Sand would fill the space completely. My .02 :smile:


----------



## slicksqueegie (Feb 9, 2011)

mdntrdr said:


> I agree, granite would be heavier.
> 
> What I was eluding to was fitting the various sized pieces into a confined space, leaving voids.
> 
> Sand would fill the space completely. My .02 :smile:


I forgot to add, I would box in the granite inside. It would simply look like a thick shelf.


----------



## ACP (Jan 24, 2009)

I think the granite's a good idea. You could always fill any voids around it with sand too, like a cobblestone on a patio. Just make sure you dry out the sand real well before sealing it in.


----------



## cabinetman (Jul 5, 2007)

I would use the granite, and have the shelf availability.












 







.


----------



## Visions (Jun 16, 2011)

It's partly going to depend on what type of turning you do as to which route will best serve you.

The sand, as it's many small particles, will dampen vibration far better. The granite, where as it's a solid object, is going to have far less dampening ability and only really add weight, which will help with adding mass to stabilize the lathe while turning large, out-of-balance pieces.

If you are going to turn long, thin spindles, which will benefit more from vibration damping than adding mass, go with sand. 

If you are going to be turning big bowls and other large, off-balance face grain turnings that will benefit more from mass than vibration damping, go with the granite.

Having turned my fair share of both, I prefer a (full size) lathe at least 500lbs in weight, my current weighing 650lbs, and my ballast of choice is sand.

If you are going to use the granite, which I'm not against in any way, fill the voids with sand, as this will still help a bit with vibration damping. 

And build the stand as beefy and overbuilt as you possibly can, think bomb-proof. 
I have seen what appeared to be a very nice stand loosen up in just a few months when only built with construction lumber, plywood and deck-screws. Lathe stands really benefit from hardwood, strong joinery, large bolts and other beefy hardware.

Good luck, be sure to post some pics when you're done!

Wayne

PS: Thanks for the idea on the sink cut-outs! I've been wanting some nice granite for a sharpening station, and a sink cut-out would be perfect! Really an awesome idea, thanks so much, I never would have thought of that!


----------



## phinds (Mar 25, 2009)

I use sand and it works great.

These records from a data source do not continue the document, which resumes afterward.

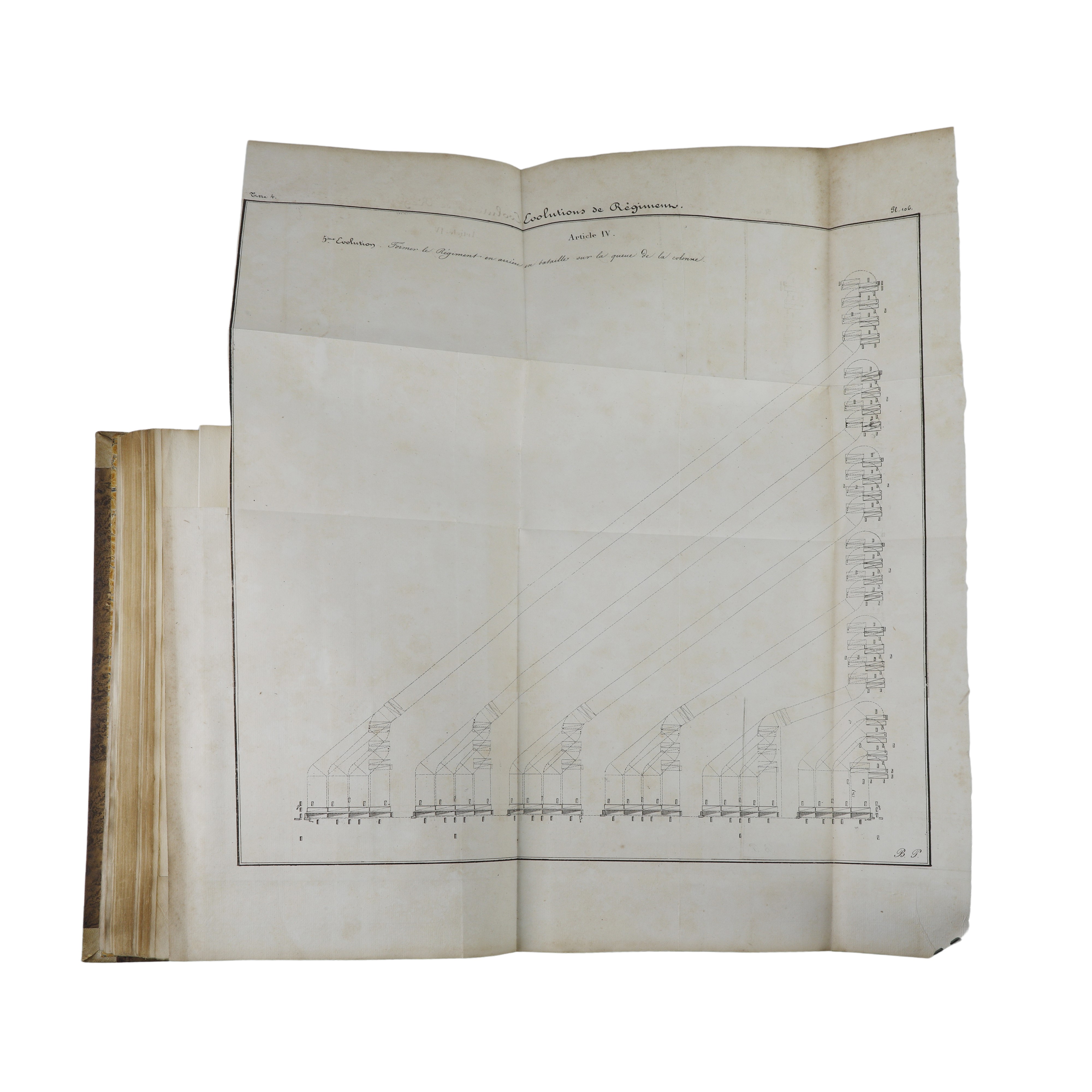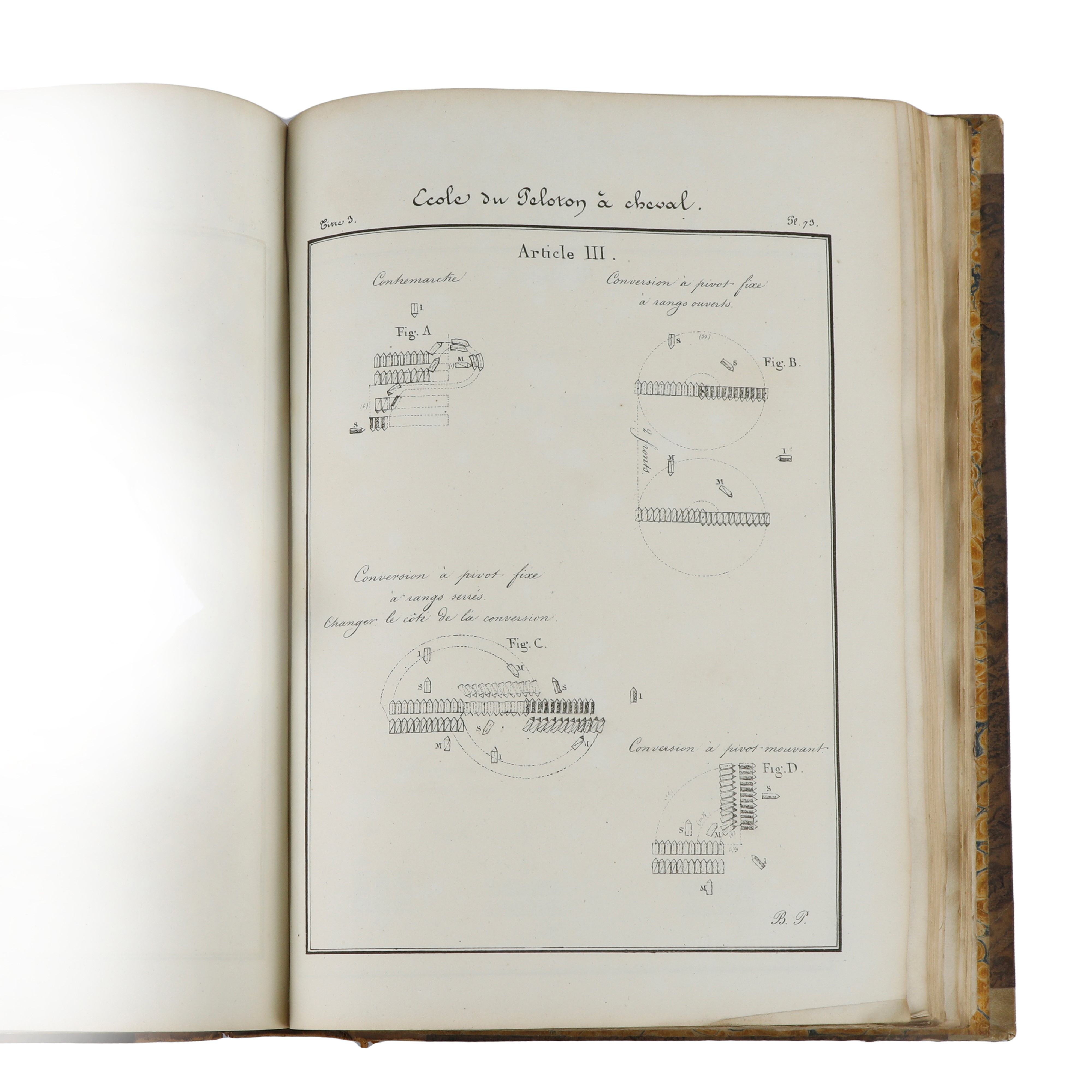 The first volume focuses on cavalry maneuvers and exercises, describing them in detail and including diagrams at the end of the book showing the roles and responsibilities assigned to commanders.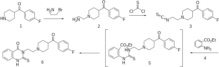 The reaction of 4-(4-fluorobenzoyl)piperidine [56346-57-7] (1) with 2-bromoethylamine [107-09-5] gives [1-(2-aminoethyl)piperidin-4-yl]-(4-fluorophenyl)methanone [83763-22-8] (2). The reaction of the terminal amino group with thiophosgene [463-71-8] leads to the corresponding isothiocyanate derivative, 4-fluorophenyl 1-(2-isothiocyanatoethyl)piperidin-4-yl ketone [84946-22-5] (3). Upon reaction of this reactive intermediate with ethyl anthranilate [87-25-2] (4), the transient addition product might be expected to be initially formed (5'). An intramolecular lactamization to the heterocyclic ring then occurs giving altanserin (6).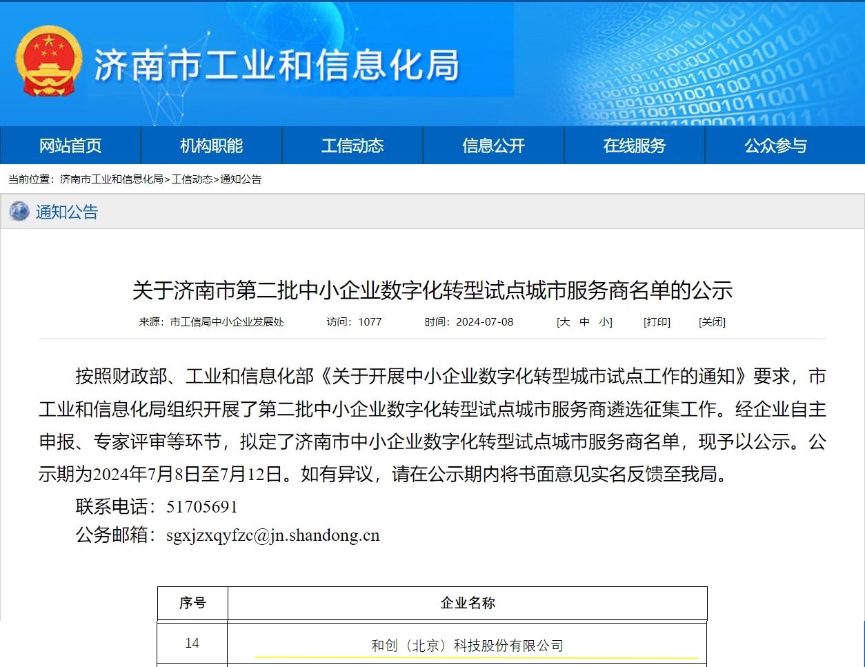 近日,濟南市工業和信息化局正式公布了濟南市第二批中小企業數字化轉型試點城市服務商名單,和創(北京)科技股份有限公司(以下簡稱“和創科技”)憑借其深厚的行業知識積累、卓越的SaaS系統實施能力以及完善的行業服務生態,成功入選該名單,標志著和創科技在數字化轉型領域的實力和成就得到了官方的高度認可。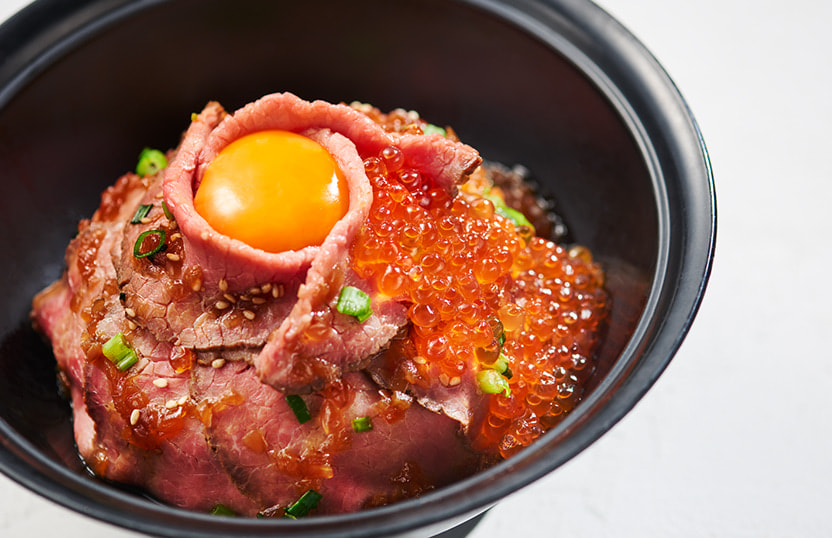 大人気のローストビーフ丼にイクラをのせて、玉ねぎベースの甘辛いソースで仕上げた贅沢な一品。お肉の旨みといくらの食感が絶妙にマッチしたおいしさです。みそ汁、ポテトサラダ、漬物付き。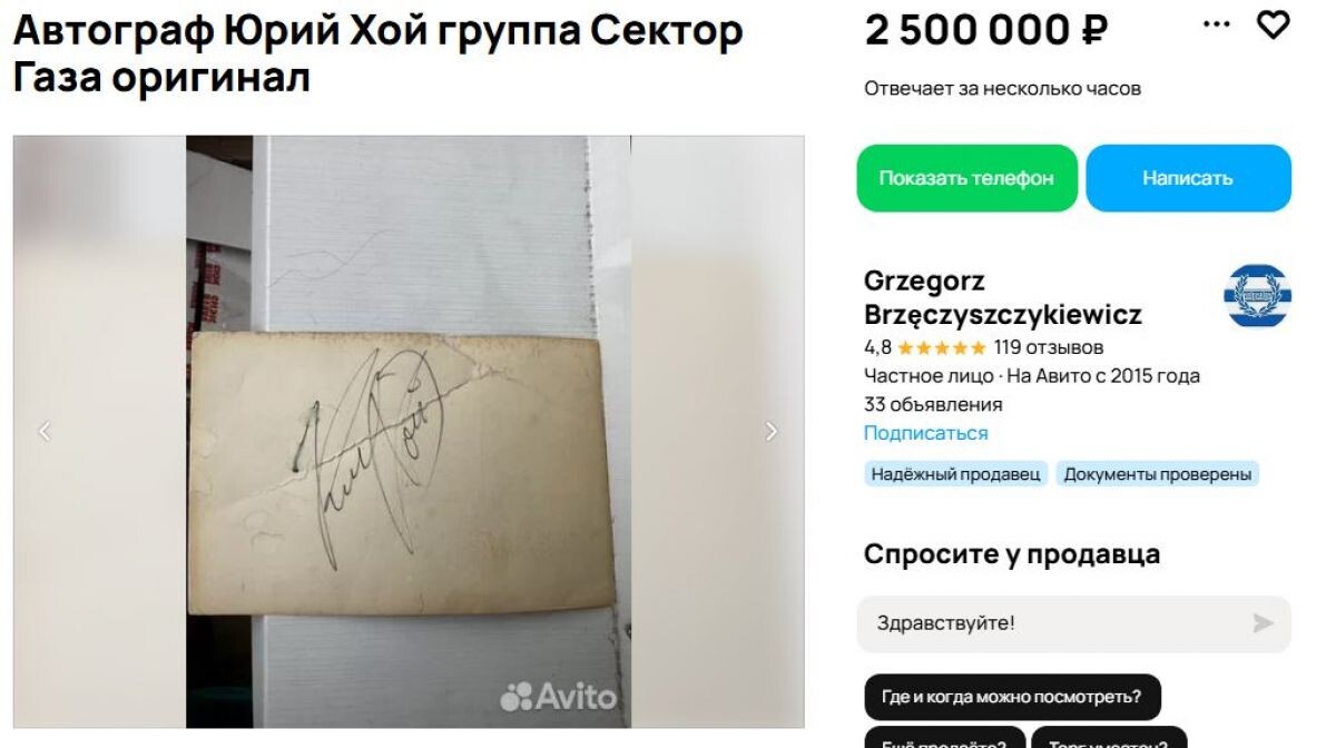 Автограф Юрия Хоя выставлен на продажу в Воронеже за 2,5 миллиона рублей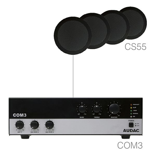 - COM 3, razglasno 100V pojacalo (30W RMS snage, izlazni napon/impedancija: 100V,70V,25V/4Ohm, frekvencijski raspon: 80Hz-18kHz)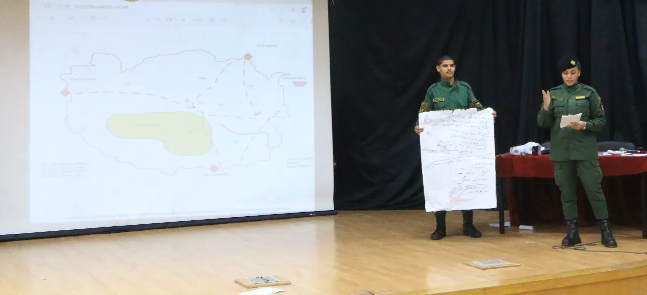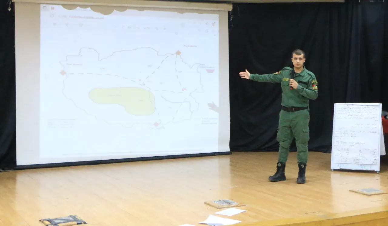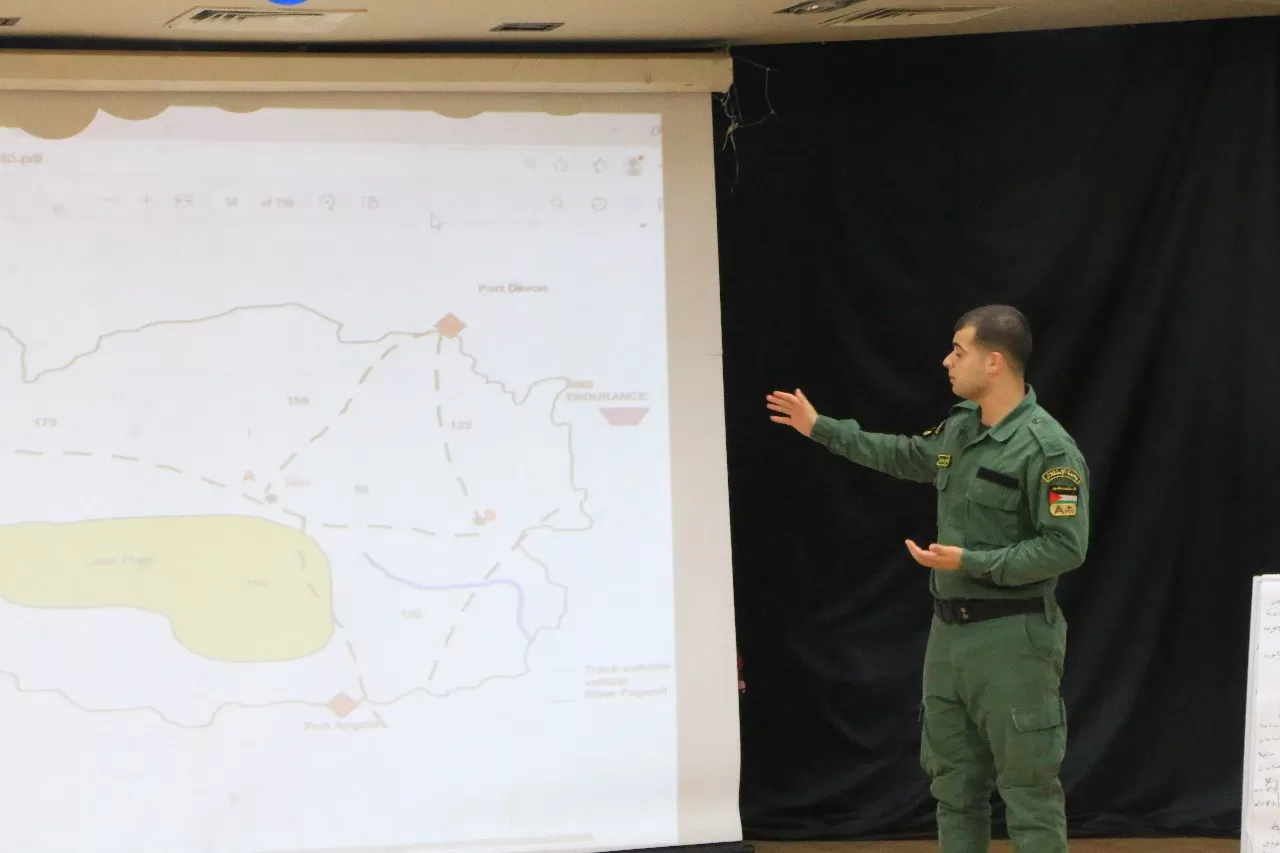 واشتملت المحاضرة على شرح موجز وعلمي لأساسيات عمل البوصلة وقراءة الخرائط العسكرية، بالإضافة إلى آليات وضع خطة عسكرية وأمنية مبسطة تتضمن مسارات عمل واضحة وخطاً زمنياً دقيقاً للتنفيذ، بما يعزز من قدرات الطلبة التفاعلية والتطبيقية في مجالات التخطيط الميداني.

Never thought of using something solid; seems it would vibrate too much. The idea of granite WITH sand sounds good thought.


----------



## Midlandbob (Sep 5, 2011)

The granite offcuts sounds like a good idea. How do you get them the right size?
I have used bags of pennies. Don't laugh: I had a big jar of pennies that I had thrown together. I had my wife make some denim bags about the size of a milk bag and filled them. They stack on the lathe feet and provide good weight. I didn't like the idea of working with sand. 
The granite for shelving would be good.


----------